Sua Excelência falou com o novo Presidente da EAL, dizendo-lhe não só
que, sem a ajuda deste patrocinador, a certa altura a eleição
poder-se-ia ter complicado, mas também que, no futuro, seria importante
saber que poderiam contar com este valioso apoio. Dias depois, convocou
o promitente investidor para uma reunião para lhe comunicar:
O assunto está muito bem encaminhado, pelo que pode começar a mandar elaborar o projecto que,
todavia, só poderá ser entregue dentro de três meses. Aproveito a
oportunidade para lhe sugerir o nome de um nosso correligionário, que é
engenheiro na nossa EAL e trabalha em casa, à noite, para arredondar o
orçamento familiar.
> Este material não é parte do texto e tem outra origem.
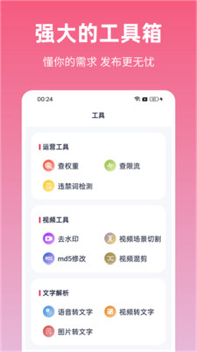 搜搜全网的素材内容,随时下载到本地的手机里面,二次编辑生成个人视频,内置智能去重功能避免素材重复;

Projecto feito por ele, para além de ter muita
qualidade, é como o código postal, pois é meio caminho andado para ser
rapidamente aprovado e poder vir a beneficiar de uma significativa
redução de taxas. Caso opte por esta sugestão, o trabalho ficar-lhe-á
substancialmente mais barato, porquanto não só o autor não tem encargos
com o pessoal, dado que trabalha sozinho, nem com as instalações – o
escritório é a sua casa e o estirador é a mesa de cozinha –, mas também
porque, se o cliente o não exigir, não haverá recibo, logo, serão
poupados os 23% do IVA. Objectará que esse técnico não poderá assinar o
projecto que realizou, mas esse problema não se põe, porquanto ele tem
um acordo com um colega de uma vizinha EAL e assinam, nestas
circunstâncias, os projectos um do outro.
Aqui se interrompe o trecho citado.